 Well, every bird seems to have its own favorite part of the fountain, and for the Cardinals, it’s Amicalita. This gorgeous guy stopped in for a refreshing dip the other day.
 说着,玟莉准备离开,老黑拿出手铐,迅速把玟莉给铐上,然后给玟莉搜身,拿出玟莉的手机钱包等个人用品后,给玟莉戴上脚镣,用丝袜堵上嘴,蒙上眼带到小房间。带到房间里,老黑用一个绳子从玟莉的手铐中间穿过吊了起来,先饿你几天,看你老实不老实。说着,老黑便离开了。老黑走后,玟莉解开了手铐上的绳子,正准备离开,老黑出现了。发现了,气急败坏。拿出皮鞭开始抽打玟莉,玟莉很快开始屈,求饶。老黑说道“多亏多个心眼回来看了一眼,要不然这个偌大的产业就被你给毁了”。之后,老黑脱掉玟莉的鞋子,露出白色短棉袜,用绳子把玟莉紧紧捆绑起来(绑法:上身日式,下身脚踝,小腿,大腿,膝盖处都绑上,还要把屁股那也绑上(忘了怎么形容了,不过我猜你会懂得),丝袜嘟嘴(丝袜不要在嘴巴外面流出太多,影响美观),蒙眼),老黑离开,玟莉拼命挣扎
* * *
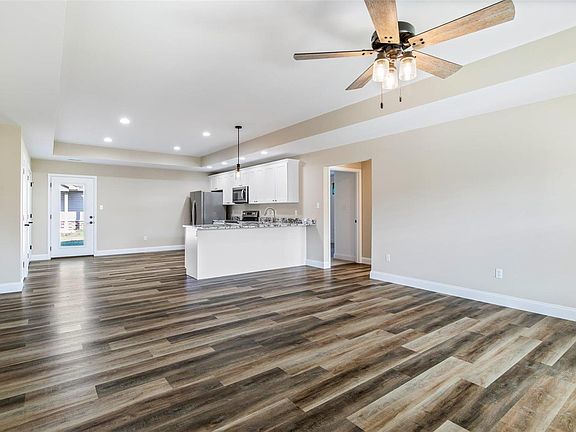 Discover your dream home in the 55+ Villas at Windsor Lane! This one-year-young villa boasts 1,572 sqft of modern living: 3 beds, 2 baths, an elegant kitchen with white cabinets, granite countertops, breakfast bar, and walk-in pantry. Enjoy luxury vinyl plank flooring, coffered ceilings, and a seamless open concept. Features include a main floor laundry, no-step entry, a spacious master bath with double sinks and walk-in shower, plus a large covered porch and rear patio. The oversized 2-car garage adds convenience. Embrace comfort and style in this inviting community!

■ Your task
Begin at the line that has "Well, every bird" in the entries above; stop after the line that has "说着,玟莉准备离开,老黑拿出". Transcribe exactly those lines and no others.

■ Reply
 Well, every bird seems to have its own favorite part of the fountain, and for the Cardinals, it’s Amicalita. This gorgeous guy stopped in for a refreshing dip the other day.
 说着,玟莉准备离开,老黑拿出手铐,迅速把玟莉给铐上,然后给玟莉搜身,拿出玟莉的手机钱包等个人用品后,给玟莉戴上脚镣,用丝袜堵上嘴,蒙上眼带到小房间。带到房间里,老黑用一个绳子从玟莉的手铐中间穿过吊了起来,先饿你几天,看你老实不老实。说着,老黑便离开了。老黑走后,玟莉解开了手铐上的绳子,正准备离开,老黑出现了。发现了,气急败坏。拿出皮鞭开始抽打玟莉,玟莉很快开始屈,求饶。老黑说道“多亏多个心眼回来看了一眼,要不然这个偌大的产业就被你给毁了”。之后,老黑脱掉玟莉的鞋子,露出白色短棉袜,用绳子把玟莉紧紧捆绑起来(绑法:上身日式,下身脚踝,小腿,大腿,膝盖处都绑上,还要把屁股那也绑上(忘了怎么形容了,不过我猜你会懂得),丝袜嘟嘴(丝袜不要在嘴巴外面流出太多,影响美观),蒙眼),老黑离开,玟莉拼命挣扎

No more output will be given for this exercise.